====== Data records

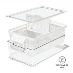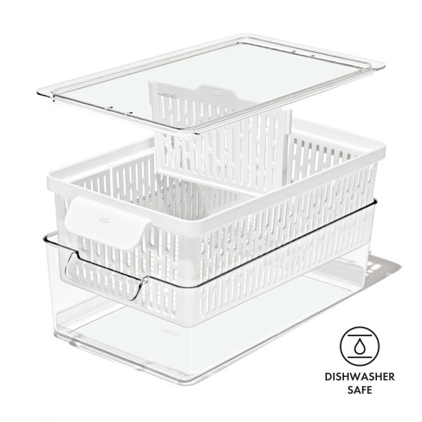 The OXO Produce Savers are fridge-friendly storage bins designed to keep your produce fresh longer. The Medium Bin is the perfect size for leafy greens, peppers, grapes, and other fruits and veggies. The adjustable divider keeps produce organized and visible, which helps reduce food waste – no more finding a forgotten rotten veggie in the back of the fridge. The inner basket keeps produce elevated and promotes optimal air circulation to keep things fresh, and the basket is removable so you can use it to rinse produce. The Bin’s comfortable handle makes it easy to take the Bin to the counter, and the pivoting lid provides access whether you’re opening it in the fridge, or on the counter during prep. The Medium Bin measures 13.8 in x 7.4 in x 4.7 in/35.1 cm x 18.9 cm x 11.8 cm; this BPA-free Bin is dishwasher safe and stacks with other OXO Produce Savers for modular, customizable organization.
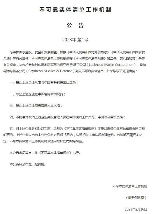 據(jù)商務部官網(wǎng)消息,2月16日,不可靠實體清單工作機制發(fā)布2023年第1號公告,決定將洛克希德·馬丁公司、雷神導彈與防務公司列入不可靠實體清單。
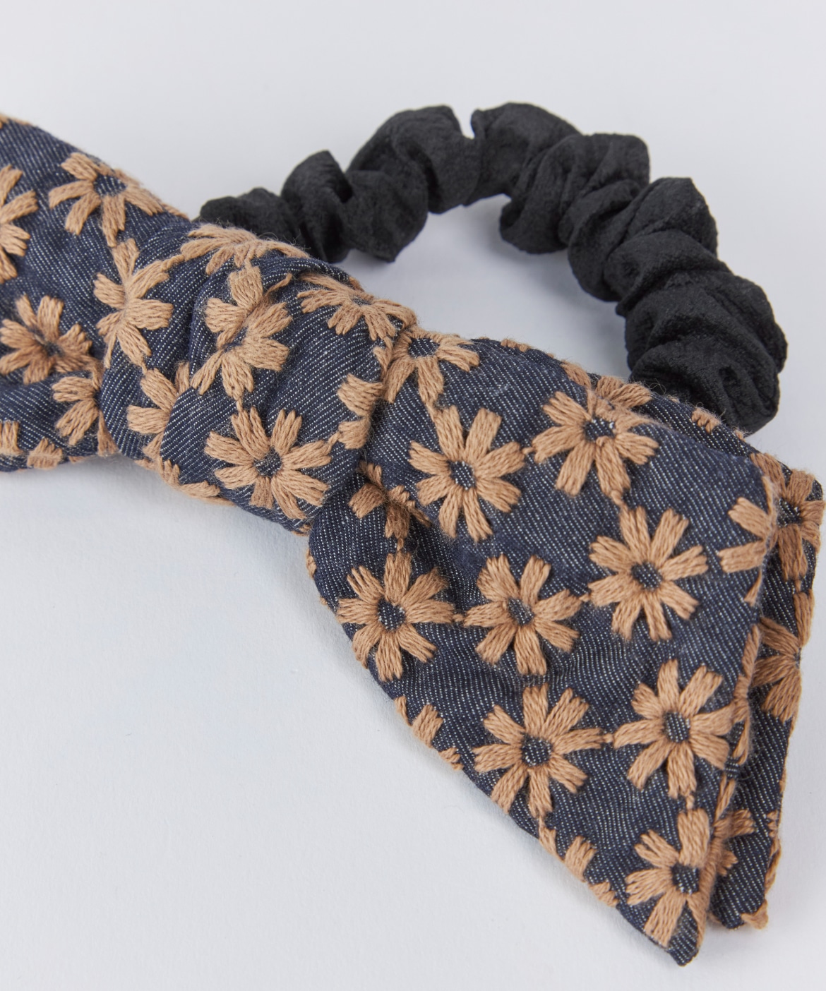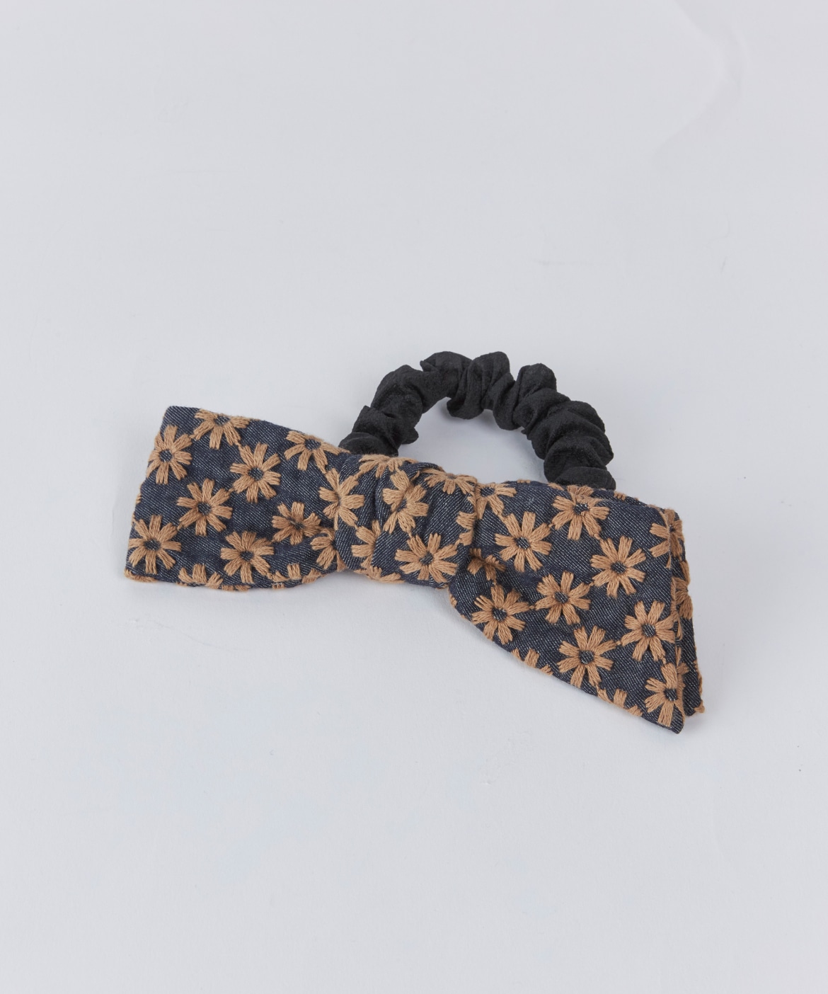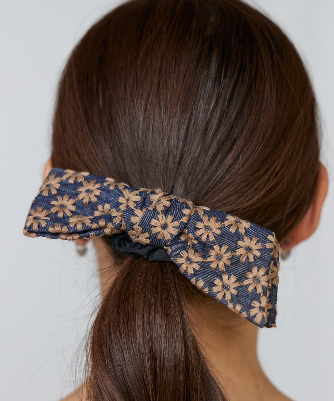 《M Maglie le cassetto》フラワー刺繍デニムリボンシュシュ
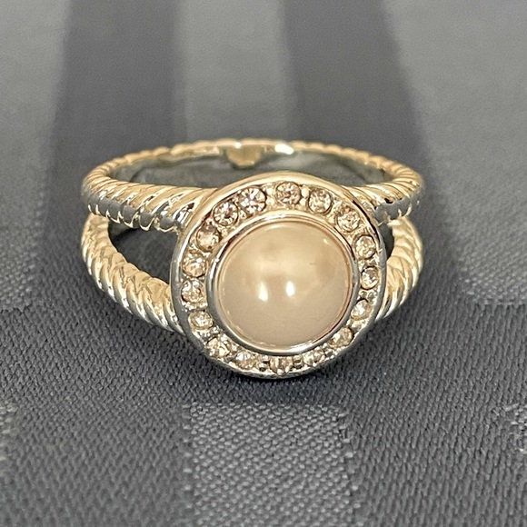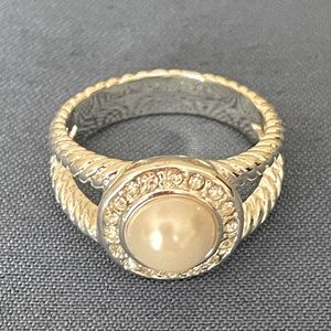 Feminine, braided double band, silver-colored ring with a singular round pearl centerpiece surrounded by rhinestones. Never worn and in like-new condition. No flaws. Size 8.5
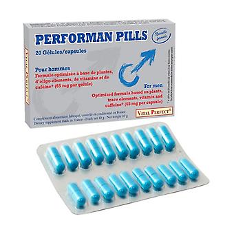 Vital Perfect Performan Píldoras 20 cápsulas es un complemento alimenticio formulado a base de plantas, oligoelementos y cafeína (65 mg por cápsula) para la sexualidad masculina.
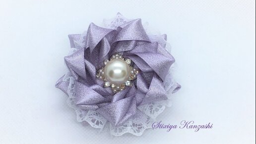 Украшение на заколку Канзаши / Цветок из ленты 2 см и кружева
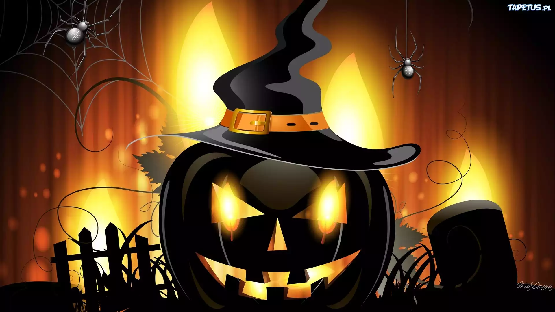 Tapeta Dynia, Ogień, Czapka, Pasek, Pająk
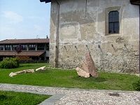 L'ingresso del ChiostroNovità dal Chiostro di Voltorre – Mentre prosegue la mostra dedicato all'artista, grafico, pittore ed insegnante milanese Giancarlo Iliprandi, lo spazio espositivo tra i più suggestivi della nostra provincia ha ospitato un innovativo workshop. Organizzato lo scorso fine settimana il laboratorio interattivo ha visto la ralizzazine di un'opera d'arte ambientale, tuttora visibile (fino al 31 maggio) nel cortile esterno dell'antico monastero benedettino. Massi di granito scelti e manipolati da Maurizio Russo grande artista che ha intrattenuto gli studenti accorsi numerosi per 'rubare i suoi segreti'.
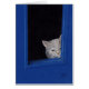 O archie, um champanhe coloriu o gato de gato malhado que olha através da janela vazia de uma porta antiga.
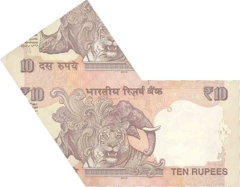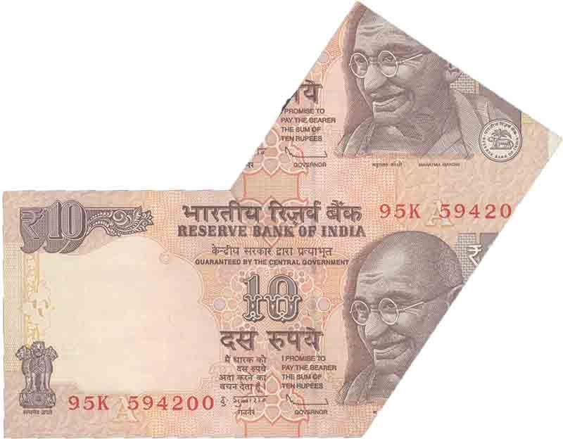 10 Rupees,Republic India,D Subbarau,No Inset,S.No. 95K, 594200, Error: Kite shape 10 Rupees, massiveprinting shifted error at right top with another note print attached to it,about UNC, Extremely Rare.
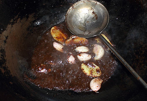 3.另取一口炒锅,倒适量油,烧七成热,下姜片和大蒜炸一下关小火,下泻开的黄酱中火炒至黄酱发亮,香气飘出
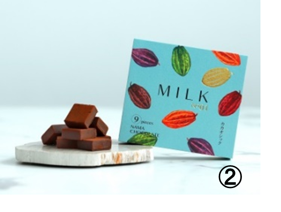 1.空気を含む特別な方法によって作られたふわっとほどける新食感チョコレート。厚みのあるチョコレートとサクサクのラングドシャが重なった、満足感のあるチョコレートサンド。2.カカオの豊かな香りと、ミルクの甘みがバランス良い生チョコレート。ほどよい上品な甘さで、良質なミルクの風味が際立つ、シンプルでコク深い一粒です。
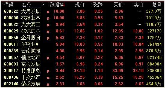 地产板块盘中震荡走高,截至收盘,天房发展、深振业A、光大嘉宝等涨停,深深房A涨近9%,金科股份、深物业A涨超5%。

============

• What is needed:
Restate the lines above from the one containing "Vital Perfect Performan" through the one containing "O archie, um", inclusive, exactly and without pictures.

• Written solution:
 Vital Perfect Performan Píldoras 20 cápsulas es un complemento alimenticio formulado a base de plantas, oligoelementos y cafeína (65 mg por cápsula) para la sexualidad masculina.
 Украшение на заколку Канзаши / Цветок из ленты 2 см и кружева
 Tapeta Dynia, Ogień, Czapka, Pasek, Pająk
 L'ingresso del ChiostroNovità dal Chiostro di Voltorre – Mentre prosegue la mostra dedicato all'artista, grafico, pittore ed insegnante milanese Giancarlo Iliprandi, lo spazio espositivo tra i più suggestivi della nostra provincia ha ospitato un innovativo workshop. Organizzato lo scorso fine settimana il laboratorio interattivo ha visto la ralizzazine di un'opera d'arte ambientale, tuttora visibile (fino al 31 maggio) nel cortile esterno dell'antico monastero benedettino. Massi di granito scelti e manipolati da Maurizio Russo grande artista che ha intrattenuto gli studenti accorsi numerosi per 'rubare i suoi segreti'.
 O archie, um champanhe coloriu o gato de gato malhado que olha através da janela vazia de uma porta antiga.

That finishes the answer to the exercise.